### WORK INSTRUCTIONS
For the material below, return exactly the lines starting at the line containing "Medidas aproximadas para" and ending at the line containing "평소 문화예술을 통한", both ends included, and no others.

### DATA

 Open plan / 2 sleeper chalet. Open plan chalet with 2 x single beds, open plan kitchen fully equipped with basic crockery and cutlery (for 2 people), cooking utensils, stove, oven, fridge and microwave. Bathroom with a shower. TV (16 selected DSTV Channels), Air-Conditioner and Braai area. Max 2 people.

--

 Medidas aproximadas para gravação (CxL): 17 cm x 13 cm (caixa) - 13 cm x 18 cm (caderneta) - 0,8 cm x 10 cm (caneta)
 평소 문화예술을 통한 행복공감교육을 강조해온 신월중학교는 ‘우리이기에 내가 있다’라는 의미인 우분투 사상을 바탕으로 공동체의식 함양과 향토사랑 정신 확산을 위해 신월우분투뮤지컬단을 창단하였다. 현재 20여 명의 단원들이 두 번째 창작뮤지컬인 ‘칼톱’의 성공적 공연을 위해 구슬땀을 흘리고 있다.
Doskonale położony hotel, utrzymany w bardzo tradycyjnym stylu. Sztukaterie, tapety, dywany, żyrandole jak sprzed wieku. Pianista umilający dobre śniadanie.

### ANSWER TO THE PROBLEM
 Medidas aproximadas para gravação (CxL): 17 cm x 13 cm (caixa) - 13 cm x 18 cm (caderneta) - 0,8 cm x 10 cm (caneta)
 평소 문화예술을 통한 행복공감교육을 강조해온 신월중학교는 ‘우리이기에 내가 있다’라는 의미인 우분투 사상을 바탕으로 공동체의식 함양과 향토사랑 정신 확산을 위해 신월우분투뮤지컬단을 창단하였다. 현재 20여 명의 단원들이 두 번째 창작뮤지컬인 ‘칼톱’의 성공적 공연을 위해 구슬땀을 흘리고 있다.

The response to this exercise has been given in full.